Josh Lichtenstein: It's a great question, Lindsey. You're correct that the DOL has spoken on this and certain related topics several times recently, including interpretive bulletins in 2015 and 2016, as well as a field assistance bulletin for its regional enforcement directors in 2018. In these bulletins, the DOL has consistently held to a longstanding view that proxy voting is part of the fiduciary obligation involved in prudently managing plan investments. In most cases, proxy voting and other shareholder engagement is relatively low cost and does not involve a significant expenditure of funds by individual plan investors, especially if the activities are undertaken by institutional investment managers who are managing those plan assets. Moreover, investment managers often engage consultants, such as proxy advisory firms, to further reduce the individual plan costs of researching proxy matters and exercising shareholder rights. However, as I had discussed on a prior podcast, President Trump issued an Executive Order in April 2019 calling for the DOL to undertake a review of existing guidance on the fiduciary responsibilities associated with proxy voting to determine whether any such guidance should be rescinded, replaced or modified, and the justification for this was to ensure consistency both with current law and with policies that promote long-term growth and maximize return on ERISA plan assets investments. The review was supposed to be completed by December of this year. This has likely been a catalyst for the DOL to take further action with respect to proxy voting. There's also a more organic reason for new guidance, as the existing guidance contains some ambiguities, which have long confused plan fiduciaries, asset managers and proxy advisors, so there's a strong desire in the ERISA plan community for greater clarity on these issues.
Lindsey Goldstein: Speaking of existing guidance, can we step back a bit and discuss the current regulatory framework for proxy voting on behalf of ERISA plans?

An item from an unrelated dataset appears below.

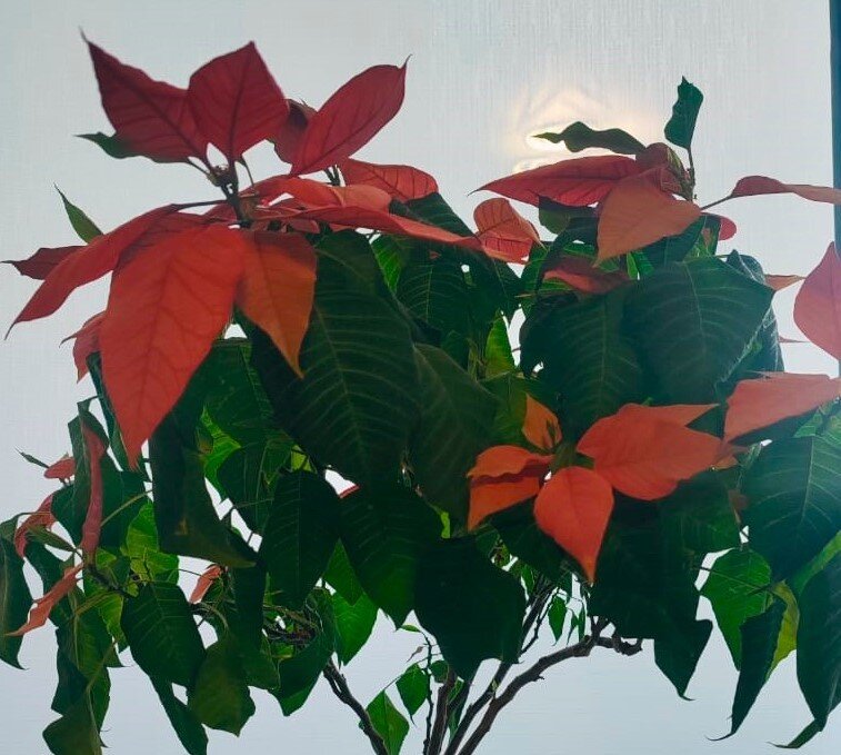 Про пуансеттию писали много. Цветок распространенный, красивый и капризный. Ну, по крайней мере у меня он долго болел, сбрасывал листья, был однотонного зеленого цвета и краснеть не собирался. Я даже сначала не могла понять, что за цветок мне достался. Принес сын. Он тоже где-то его взял. В общем, откуда цветок — непонятно. И названия не знала. Спрашивала у наших семидачников. Мне про цветок рассказали, объяснили что делать, и я его оставила у себя — вот такую приболевшую пуансеттию. Чтобы пересадить, подлечить и отдать обратно сыну. Описание растения Пуансеттия — растение из Центральной Америки. Относится к роду Молочай. В дикой природе вырастает до 4 метров, в домашних условиях — до полуметра. Листья темно-зеленые, до 15 см длиной. Цветочки невзрачные желтоватые. Зато прицветники ярко-красного, насыщенного цвета. За этот цвет ее называют рождественской звездой. И узнают цветок именно по этому названию, а не по имени биолога Пойнсетта. Условия выращивания Любит: Не любит: Посадка, пер

Josh Lichtenstein: Sure. In the 2016 interpretive bulletin that I mentioned before, the DOL stated that an investment policy that contemplates engaging in shareholder activities, which are intended to monitor or influence the management of corporations in which the plan owns stock, can be consistent with a fiduciary's obligations under ERISA, so long as the responsible fiduciary concludes there is a reasonable expectation that such activities (either by the plan alone or acting together with other shareholders) are likely to enhance the economic value of the plan's investment in that corporation. And this after taking into account the costs involved in exercising those rights. So this is effectively a cost-benefit analysis that the plan has to undertake. Examples of actions that may enhance economic value include engaging with companies to learn about their corporate governance practices, or company actions to manage environmental risks, human capital risks, facilities, stakeholder relations, and long-term access to critical resources. But these principles all rely on the assumption that proxy voting and other forms of shareholder engagement typically will not involve a significant expenditure of plan assets by any individual plan investor because the activities are generally either not high-cost inherently or are undertaken by institutional investment managers or third-party proxy advisory firms that can help to evaluate a course of action in a cost-effective manner.
Lindsey Goldstein: So Josh, it seems like the current framework essentially describes a facts-and-circumstances analysis in which you need to weigh the pros and cons to determine whether or not special circumstances exist for an ERISA plan fiduciary to devote significant resources to proxy voting? Is that correct?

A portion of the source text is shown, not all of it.